Nothing but the pictures may be dropped; the rest of the listing is to be written out exactly.

----------

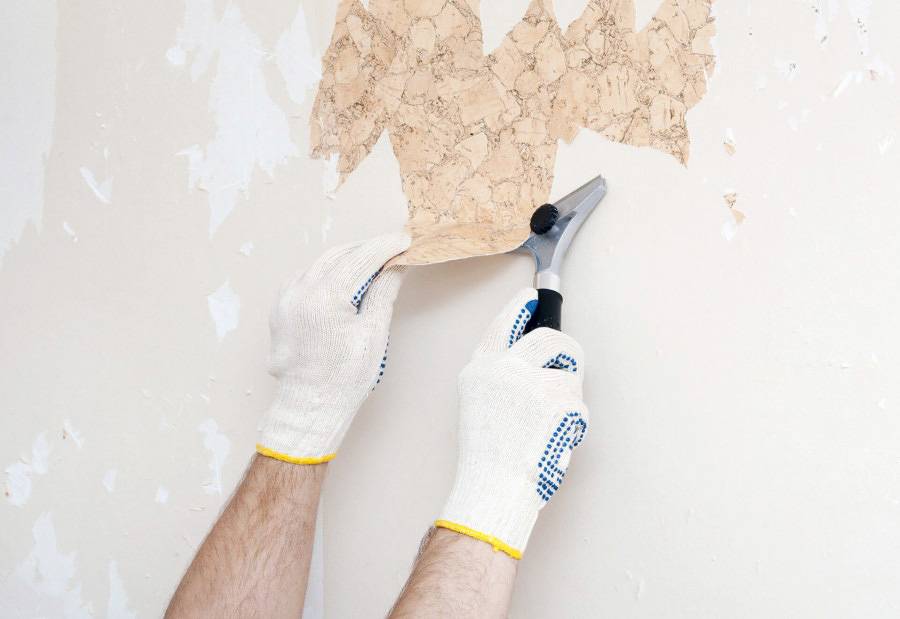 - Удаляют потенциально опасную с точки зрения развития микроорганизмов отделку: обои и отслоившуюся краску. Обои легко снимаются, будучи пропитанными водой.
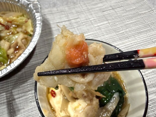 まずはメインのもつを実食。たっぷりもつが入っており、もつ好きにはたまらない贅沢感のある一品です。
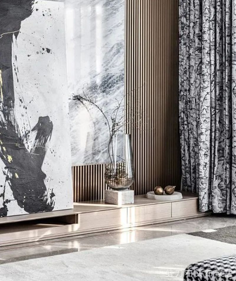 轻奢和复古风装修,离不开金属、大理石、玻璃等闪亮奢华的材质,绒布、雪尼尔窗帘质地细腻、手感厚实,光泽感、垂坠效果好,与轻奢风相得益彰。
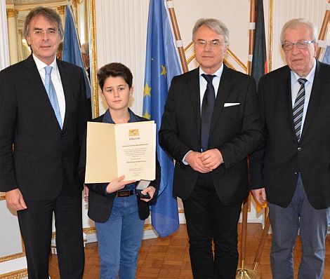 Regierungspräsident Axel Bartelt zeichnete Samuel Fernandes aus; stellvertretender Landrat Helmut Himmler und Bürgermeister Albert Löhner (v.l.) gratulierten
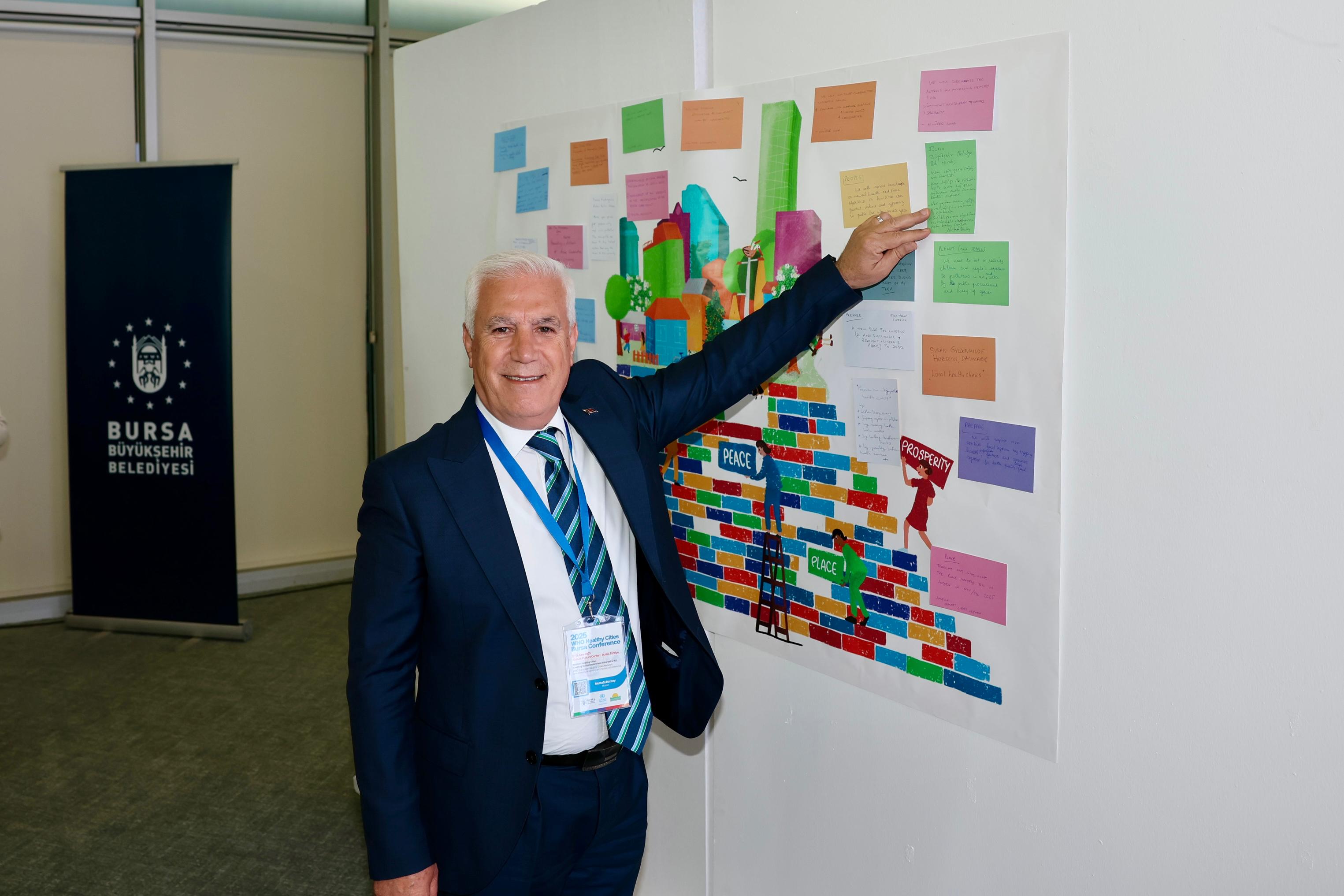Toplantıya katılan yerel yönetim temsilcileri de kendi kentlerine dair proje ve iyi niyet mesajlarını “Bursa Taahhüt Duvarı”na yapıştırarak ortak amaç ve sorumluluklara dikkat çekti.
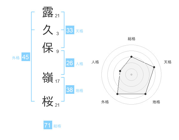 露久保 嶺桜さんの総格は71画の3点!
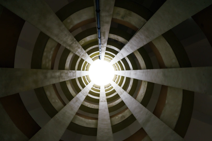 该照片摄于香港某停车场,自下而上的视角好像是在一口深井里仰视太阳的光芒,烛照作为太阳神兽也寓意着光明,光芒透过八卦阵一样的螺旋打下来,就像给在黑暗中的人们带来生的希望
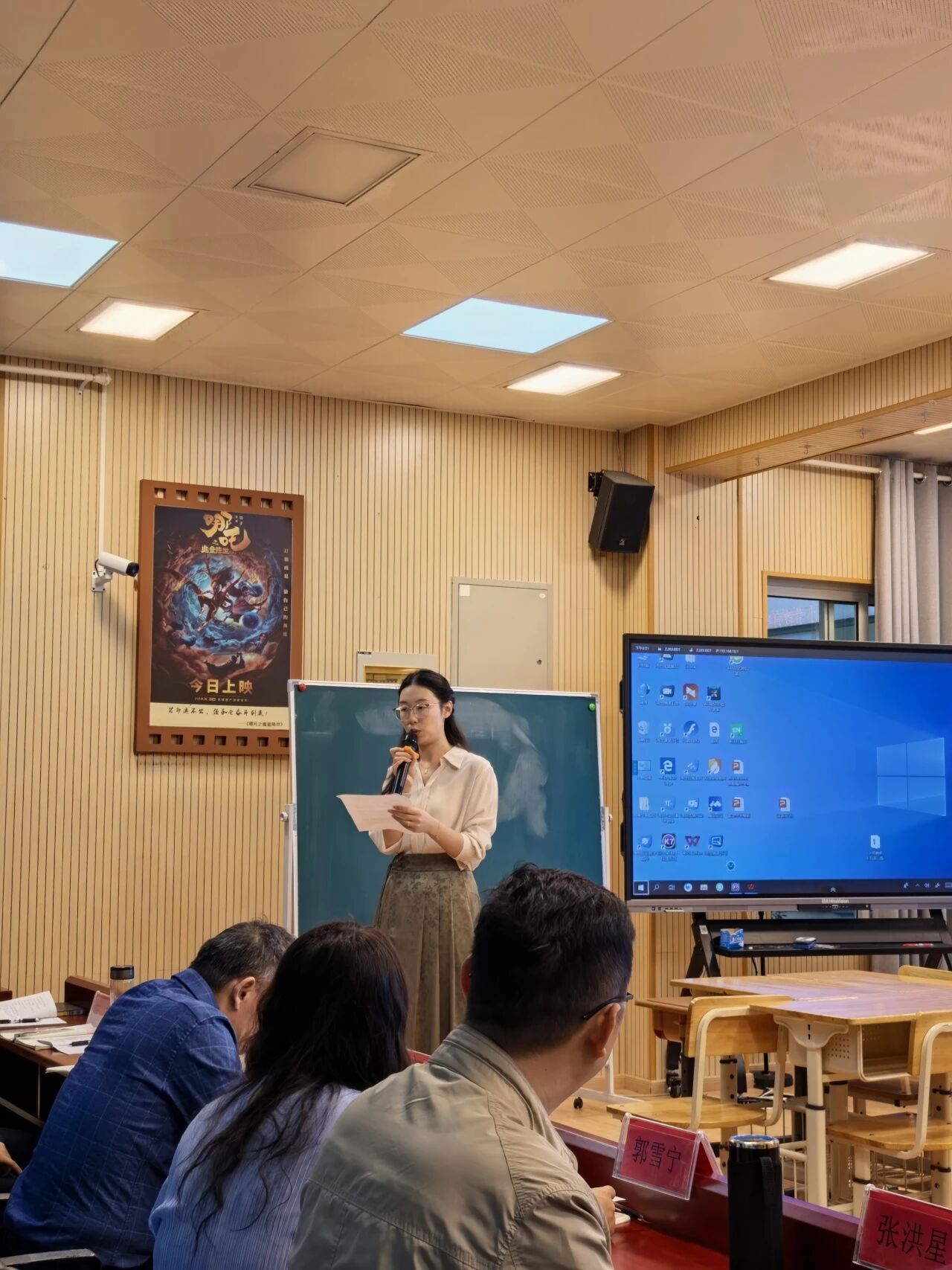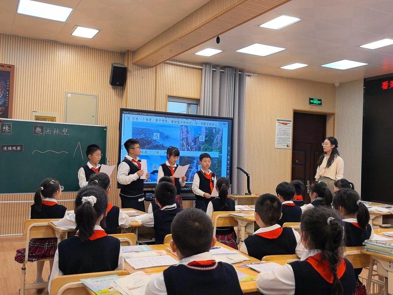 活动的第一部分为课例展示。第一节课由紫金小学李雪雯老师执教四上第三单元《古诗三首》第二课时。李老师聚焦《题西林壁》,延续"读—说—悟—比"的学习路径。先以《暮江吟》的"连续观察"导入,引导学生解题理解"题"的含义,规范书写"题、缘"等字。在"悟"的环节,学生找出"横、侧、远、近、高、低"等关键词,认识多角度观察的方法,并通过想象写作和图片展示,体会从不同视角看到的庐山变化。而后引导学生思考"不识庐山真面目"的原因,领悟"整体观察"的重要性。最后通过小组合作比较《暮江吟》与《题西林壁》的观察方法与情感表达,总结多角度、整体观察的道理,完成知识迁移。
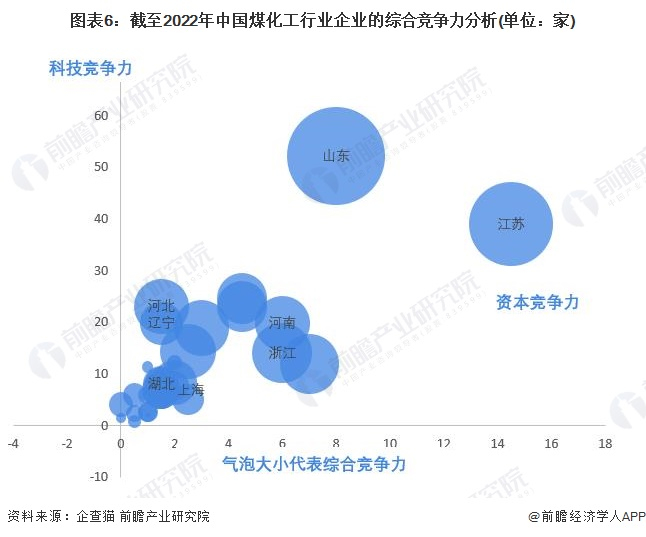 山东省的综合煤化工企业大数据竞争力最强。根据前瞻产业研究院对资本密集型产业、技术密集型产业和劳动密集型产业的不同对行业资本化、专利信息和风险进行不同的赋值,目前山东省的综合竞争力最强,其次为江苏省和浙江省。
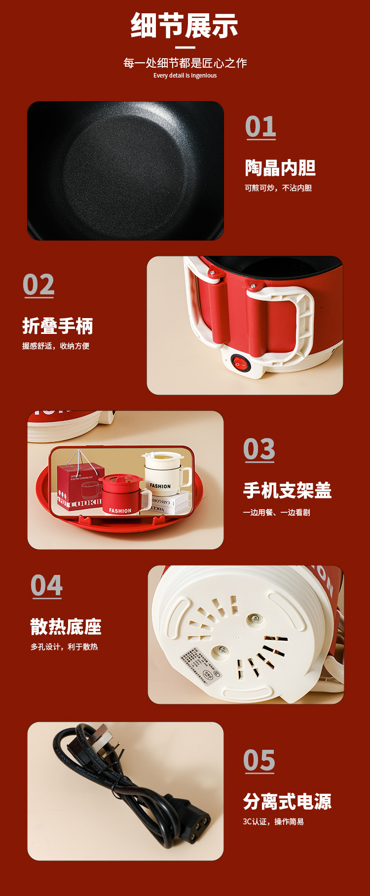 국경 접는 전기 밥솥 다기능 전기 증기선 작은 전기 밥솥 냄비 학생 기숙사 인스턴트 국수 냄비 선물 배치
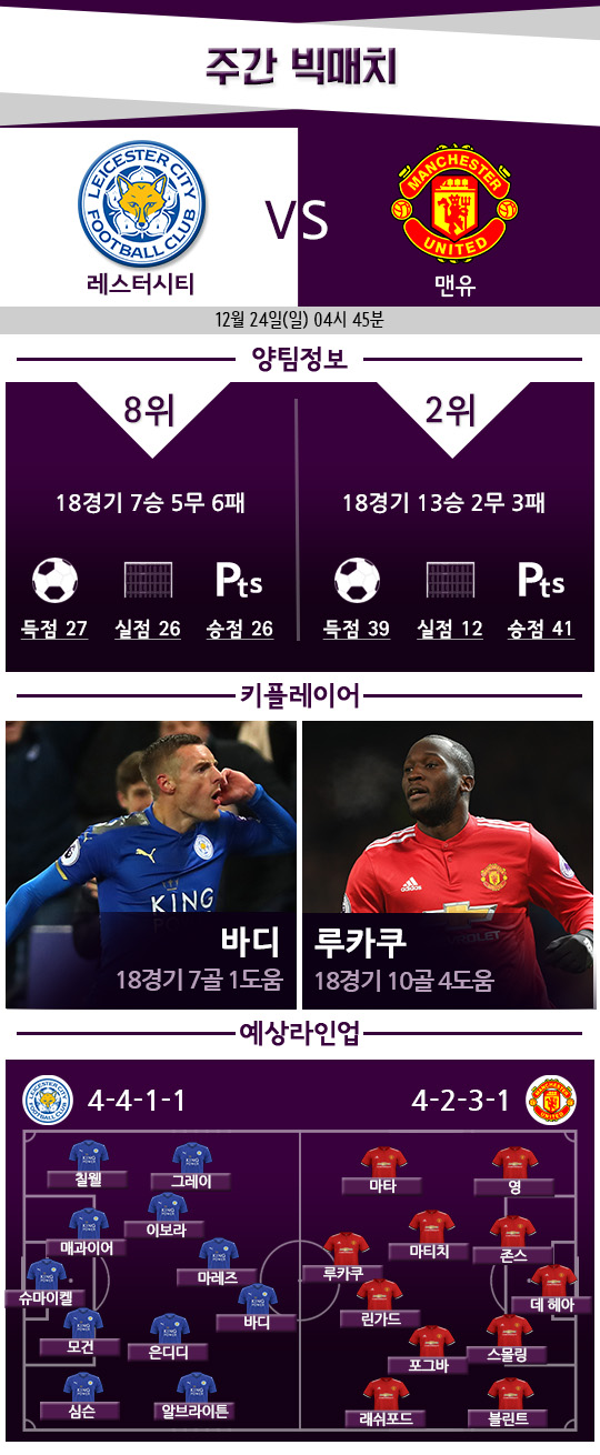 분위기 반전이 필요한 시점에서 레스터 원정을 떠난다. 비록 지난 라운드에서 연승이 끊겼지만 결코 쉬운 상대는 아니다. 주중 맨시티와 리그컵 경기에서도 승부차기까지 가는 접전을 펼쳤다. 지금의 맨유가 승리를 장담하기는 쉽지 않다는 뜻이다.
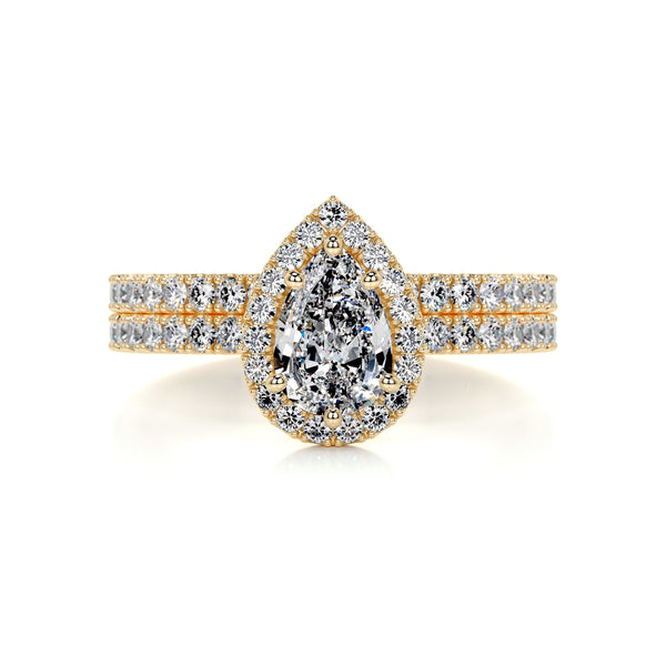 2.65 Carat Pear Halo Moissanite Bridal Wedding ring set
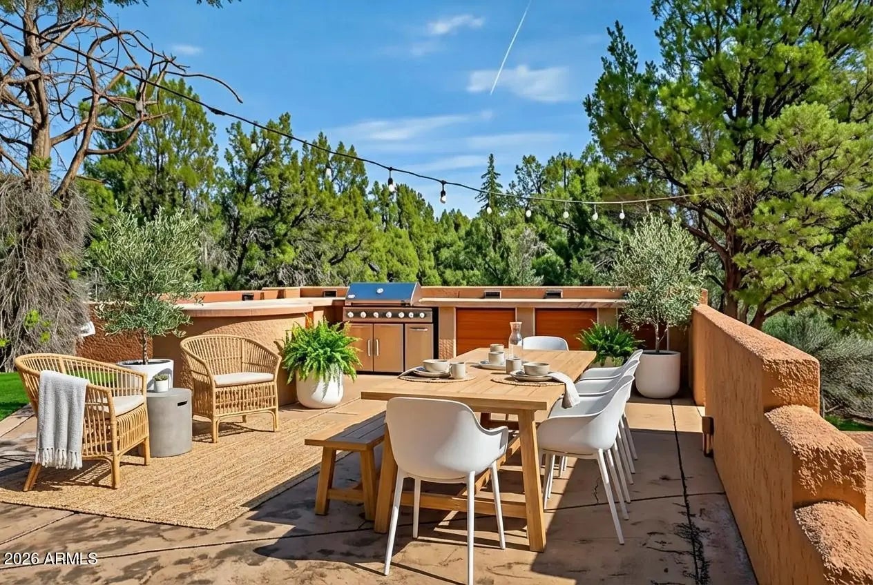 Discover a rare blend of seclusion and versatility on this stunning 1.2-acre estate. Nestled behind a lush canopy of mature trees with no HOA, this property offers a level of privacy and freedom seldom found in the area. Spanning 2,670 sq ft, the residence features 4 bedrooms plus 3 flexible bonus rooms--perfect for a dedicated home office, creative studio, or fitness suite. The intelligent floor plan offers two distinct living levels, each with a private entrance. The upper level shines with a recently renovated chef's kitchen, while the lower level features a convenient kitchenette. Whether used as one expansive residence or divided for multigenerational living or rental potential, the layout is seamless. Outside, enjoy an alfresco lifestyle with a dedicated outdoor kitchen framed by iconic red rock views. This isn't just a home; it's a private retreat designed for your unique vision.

----------

Solution to the exercise →
 - Удаляют потенциально опасную с точки зрения развития микроорганизмов отделку: обои и отслоившуюся краску. Обои легко снимаются, будучи пропитанными водой.
 まずはメインのもつを実食。たっぷりもつが入っており、もつ好きにはたまらない贅沢感のある一品です。
 轻奢和复古风装修,离不开金属、大理石、玻璃等闪亮奢华的材质,绒布、雪尼尔窗帘质地细腻、手感厚实,光泽感、垂坠效果好,与轻奢风相得益彰。
 Regierungspräsident Axel Bartelt zeichnete Samuel Fernandes aus; stellvertretender Landrat Helmut Himmler und Bürgermeister Albert Löhner (v.l.) gratulierten
Toplantıya katılan yerel yönetim temsilcileri de kendi kentlerine dair proje ve iyi niyet mesajlarını “Bursa Taahhüt Duvarı”na yapıştırarak ortak amaç ve sorumluluklara dikkat çekti.
 露久保 嶺桜さんの総格は71画の3点!
 该照片摄于香港某停车场,自下而上的视角好像是在一口深井里仰视太阳的光芒,烛照作为太阳神兽也寓意着光明,光芒透过八卦阵一样的螺旋打下来,就像给在黑暗中的人们带来生的希望
 活动的第一部分为课例展示。第一节课由紫金小学李雪雯老师执教四上第三单元《古诗三首》第二课时。李老师聚焦《题西林壁》,延续"读—说—悟—比"的学习路径。先以《暮江吟》的"连续观察"导入,引导学生解题理解"题"的含义,规范书写"题、缘"等字。在"悟"的环节,学生找出"横、侧、远、近、高、低"等关键词,认识多角度观察的方法,并通过想象写作和图片展示,体会从不同视角看到的庐山变化。而后引导学生思考"不识庐山真面目"的原因,领悟"整体观察"的重要性。最后通过小组合作比较《暮江吟》与《题西林壁》的观察方法与情感表达,总结多角度、整体观察的道理,完成知识迁移。
 山东省的综合煤化工企业大数据竞争力最强。根据前瞻产业研究院对资本密集型产业、技术密集型产业和劳动密集型产业的不同对行业资本化、专利信息和风险进行不同的赋值,目前山东省的综合竞争力最强,其次为江苏省和浙江省。
 국경 접는 전기 밥솥 다기능 전기 증기선 작은 전기 밥솥 냄비 학생 기숙사 인스턴트 국수 냄비 선물 배치
 분위기 반전이 필요한 시점에서 레스터 원정을 떠난다. 비록 지난 라운드에서 연승이 끊겼지만 결코 쉬운 상대는 아니다. 주중 맨시티와 리그컵 경기에서도 승부차기까지 가는 접전을 펼쳤다. 지금의 맨유가 승리를 장담하기는 쉽지 않다는 뜻이다.
 2.65 Carat Pear Halo Moissanite Bridal Wedding ring set
 Discover a rare blend of seclusion and versatility on this stunning 1.2-acre estate. Nestled behind a lush canopy of mature trees with no HOA, this property offers a level of privacy and freedom seldom found in the area. Spanning 2,670 sq ft, the residence features 4 bedrooms plus 3 flexible bonus rooms--perfect for a dedicated home office, creative studio, or fitness suite. The intelligent floor plan offers two distinct living levels, each with a private entrance. The upper level shines with a recently renovated chef's kitchen, while the lower level features a convenient kitchenette. Whether used as one expansive residence or divided for multigenerational living or rental potential, the layout is seamless. Outside, enjoy an alfresco lifestyle with a dedicated outdoor kitchen framed by iconic red rock views. This isn't just a home; it's a private retreat designed for your unique vision.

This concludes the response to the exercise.